*** Block opens ***

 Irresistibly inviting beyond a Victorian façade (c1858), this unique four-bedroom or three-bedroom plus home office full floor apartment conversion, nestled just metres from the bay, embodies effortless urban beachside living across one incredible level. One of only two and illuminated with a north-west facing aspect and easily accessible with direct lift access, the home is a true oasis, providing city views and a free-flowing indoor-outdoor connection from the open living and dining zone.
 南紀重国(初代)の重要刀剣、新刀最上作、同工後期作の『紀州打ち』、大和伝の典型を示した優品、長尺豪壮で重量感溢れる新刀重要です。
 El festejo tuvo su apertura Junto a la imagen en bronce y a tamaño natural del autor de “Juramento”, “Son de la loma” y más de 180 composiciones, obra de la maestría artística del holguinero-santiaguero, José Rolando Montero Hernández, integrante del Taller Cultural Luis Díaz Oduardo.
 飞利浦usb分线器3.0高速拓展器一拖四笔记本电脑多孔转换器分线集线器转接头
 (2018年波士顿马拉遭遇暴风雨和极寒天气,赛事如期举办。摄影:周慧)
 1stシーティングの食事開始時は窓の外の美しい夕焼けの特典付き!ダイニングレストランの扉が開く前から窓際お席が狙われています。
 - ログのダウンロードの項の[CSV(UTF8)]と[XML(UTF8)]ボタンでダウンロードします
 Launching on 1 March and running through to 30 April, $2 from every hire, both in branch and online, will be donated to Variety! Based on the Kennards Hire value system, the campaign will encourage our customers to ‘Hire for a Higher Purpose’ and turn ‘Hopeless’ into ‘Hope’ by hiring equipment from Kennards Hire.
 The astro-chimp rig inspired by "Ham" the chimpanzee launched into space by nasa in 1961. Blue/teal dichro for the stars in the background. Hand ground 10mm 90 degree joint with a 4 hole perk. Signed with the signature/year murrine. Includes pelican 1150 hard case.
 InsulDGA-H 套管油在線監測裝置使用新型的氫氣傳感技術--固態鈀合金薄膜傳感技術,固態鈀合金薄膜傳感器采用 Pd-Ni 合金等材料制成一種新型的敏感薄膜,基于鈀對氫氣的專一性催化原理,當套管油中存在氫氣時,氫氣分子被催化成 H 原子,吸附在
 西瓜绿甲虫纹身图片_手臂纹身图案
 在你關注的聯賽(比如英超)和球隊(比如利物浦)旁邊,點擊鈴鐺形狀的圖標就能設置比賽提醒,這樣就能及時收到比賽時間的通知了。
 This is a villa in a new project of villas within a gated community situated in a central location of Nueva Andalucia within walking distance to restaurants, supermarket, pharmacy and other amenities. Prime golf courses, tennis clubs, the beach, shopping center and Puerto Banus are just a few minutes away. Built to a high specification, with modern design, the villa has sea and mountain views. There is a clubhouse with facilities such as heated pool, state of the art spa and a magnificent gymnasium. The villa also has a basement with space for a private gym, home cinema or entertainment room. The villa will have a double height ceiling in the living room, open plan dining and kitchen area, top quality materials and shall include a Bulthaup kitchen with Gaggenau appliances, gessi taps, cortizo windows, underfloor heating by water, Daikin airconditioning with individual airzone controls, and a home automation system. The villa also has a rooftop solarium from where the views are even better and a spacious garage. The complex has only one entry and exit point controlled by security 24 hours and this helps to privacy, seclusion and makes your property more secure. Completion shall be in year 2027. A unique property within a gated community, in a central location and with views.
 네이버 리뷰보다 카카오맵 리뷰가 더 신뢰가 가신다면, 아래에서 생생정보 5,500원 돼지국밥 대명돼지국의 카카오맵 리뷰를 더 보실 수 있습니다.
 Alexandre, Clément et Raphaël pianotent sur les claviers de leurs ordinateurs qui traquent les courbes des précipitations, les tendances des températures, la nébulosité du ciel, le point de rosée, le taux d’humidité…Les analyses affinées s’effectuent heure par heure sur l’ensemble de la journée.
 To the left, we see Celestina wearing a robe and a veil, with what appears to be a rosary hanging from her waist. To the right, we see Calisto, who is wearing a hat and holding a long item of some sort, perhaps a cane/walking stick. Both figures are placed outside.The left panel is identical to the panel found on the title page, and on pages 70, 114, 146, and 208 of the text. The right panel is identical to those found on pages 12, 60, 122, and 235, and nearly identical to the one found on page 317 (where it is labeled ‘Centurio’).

*** Block closes ***

ASSIGNMENT
Look above for the line with "- ログのダウンロードの項の"; retype exactly that line, every line after it up to the line with "在你關注的聯賽(比如英超)和", and that line too, nothing else.

ANSWER SECTION
 - ログのダウンロードの項の[CSV(UTF8)]と[XML(UTF8)]ボタンでダウンロードします
 Launching on 1 March and running through to 30 April, $2 from every hire, both in branch and online, will be donated to Variety! Based on the Kennards Hire value system, the campaign will encourage our customers to ‘Hire for a Higher Purpose’ and turn ‘Hopeless’ into ‘Hope’ by hiring equipment from Kennards Hire.
 The astro-chimp rig inspired by "Ham" the chimpanzee launched into space by nasa in 1961. Blue/teal dichro for the stars in the background. Hand ground 10mm 90 degree joint with a 4 hole perk. Signed with the signature/year murrine. Includes pelican 1150 hard case.
 InsulDGA-H 套管油在線監測裝置使用新型的氫氣傳感技術--固態鈀合金薄膜傳感技術,固態鈀合金薄膜傳感器采用 Pd-Ni 合金等材料制成一種新型的敏感薄膜,基于鈀對氫氣的專一性催化原理,當套管油中存在氫氣時,氫氣分子被催化成 H 原子,吸附在
 西瓜绿甲虫纹身图片_手臂纹身图案
 在你關注的聯賽(比如英超)和球隊(比如利物浦)旁邊,點擊鈴鐺形狀的圖標就能設置比賽提醒,這樣就能及時收到比賽時間的通知了。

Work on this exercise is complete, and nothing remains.